ところで、〈古典部〉シリーズだけでなく、作者の米澤穂信さんが今の日本のミステリ作家の中で一番のお気に入りだということもありますので、当然原作感想などもありますよ。

原作の感想はこの辺り
えるちゃんイラストはこの辺り

さて、本筋に帰りますと、『愚者のエンドロール』は長編なので、ちょっと今までの一話完結的な演出とは違っています。ラストの引きとか、その1話の中で完結しないとか。先週は、謎の提示だけでしたね。

ということで、氷菓 第9話「古丘廃村殺人事件」感想行きます。

もちろん原作は既読です。

あらすじ:(京アニサイトから引用)

映画の真相を究明すべく、探偵役3人が登場する。

探偵役3人の意見を聴く奉太郎たち古典部メンバー。中でも沢木口先輩の推理はあっけにとられるほどのものだった。

感想:

はいはい。『愚者のエンドロール』の推理フェーズが始まりました。

で、ここでのポイントは、推理合戦形式だということになります。元々の原作はアントニイ・バークリーの『毒入りチョコレート事件』のオマージュということなので、そういうお話です。

アントニイ・バークリーは1920年代のいわゆるミステリ黄金期に作品を発表した作家で、この『毒入りチョコレート事件』や『第二の銃声』や『試行錯誤』などが有名ですが、日本ではクリスティやセイヤーズに比べて、今一つ有名ではないですね。

『毒入りチョコレート事件』のポイントは、入れ代わり立ち代わり、登場人物たちが推理を披露していくところで、ミステリファンの間ではそのやり方はかなり有名です。

◆推理合戦

今回推理合戦になっている理由は、恐らくは奉太郎たちが警察よろしく調査する訳には行かないためというのがありますね。そのため、現場に関わった人間たちから情報を探る必要がある。けれども、時間も相手も限られているため、それを推理という形で披露してもらうという感じです。

そしてもう一つ、奉太郎たちがミステリの専門家ではないということです。なぜミステリ研など、それがお得意の部活のメンバーではないのか。

普通に考えると、自分たちのクラス発表なので、元々の脚本の真意に沿った作品にしたかったからとなりますでしょうか。ミステリ研が出てくると、自分で推理しそうですから。

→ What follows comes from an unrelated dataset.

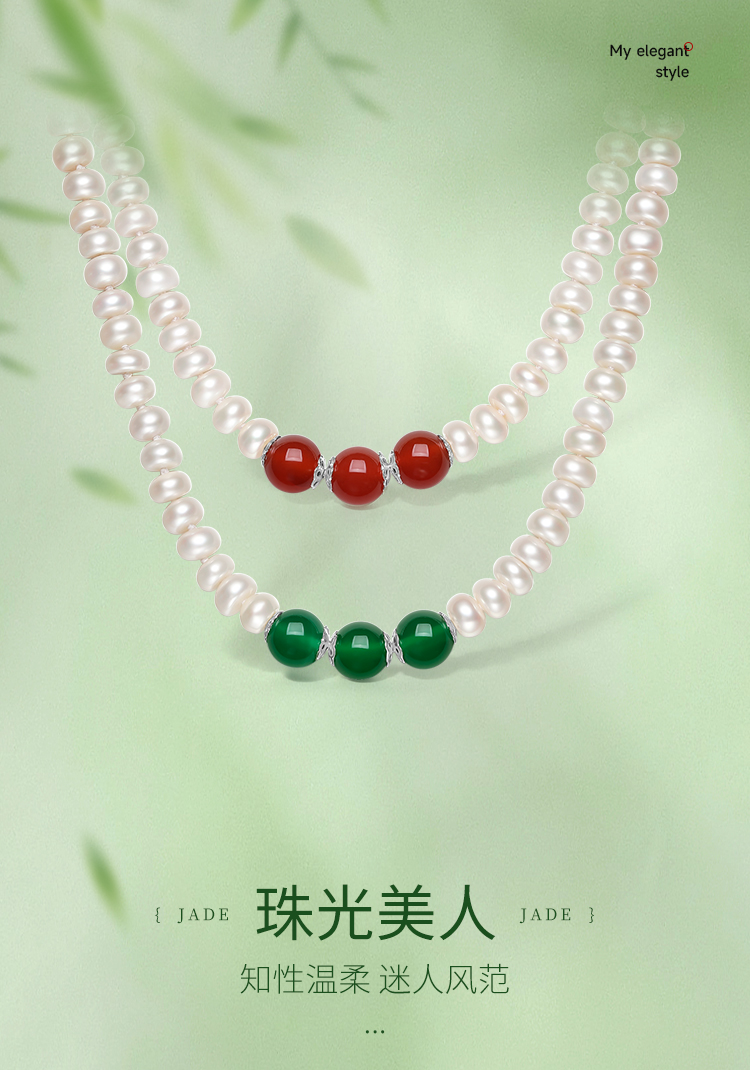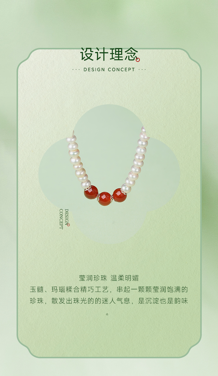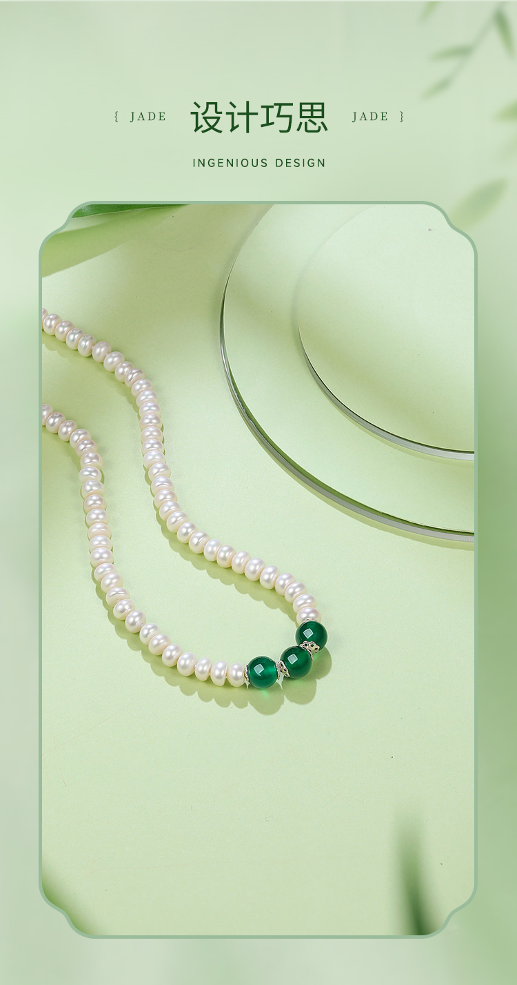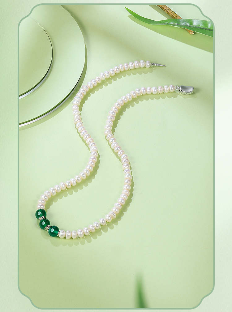 周六福S925银淡水珍珠玛瑙项链 优雅时尚复古颈饰女生礼物官方

とはいえ、なぜこういう形式になったかは、ポイントだと思います。

◆二重密室

その中で議論されるのが、二重密室ですね。

鍵と、その通路の二カ所が閉じられていたという二重の密室。さてさて、本格物ならば、やはりミステリオタクっぽい摩耶花センセのおっしゃる通り、物理トリックか心理トリックかとか楽しむところなんですが、脚本を書いた人物がどういう人物だったのかがポイントになるのでしょうか。

◆アンフェアについて

Hk2 さて、『愚者のエンドロール』の原作は小説です。そのため、時間進行がアニメ版とはまったく異なります。要は、アニメだと視覚でちらっと通りすぎる部分も原作だと十分に時間が与えられるということです。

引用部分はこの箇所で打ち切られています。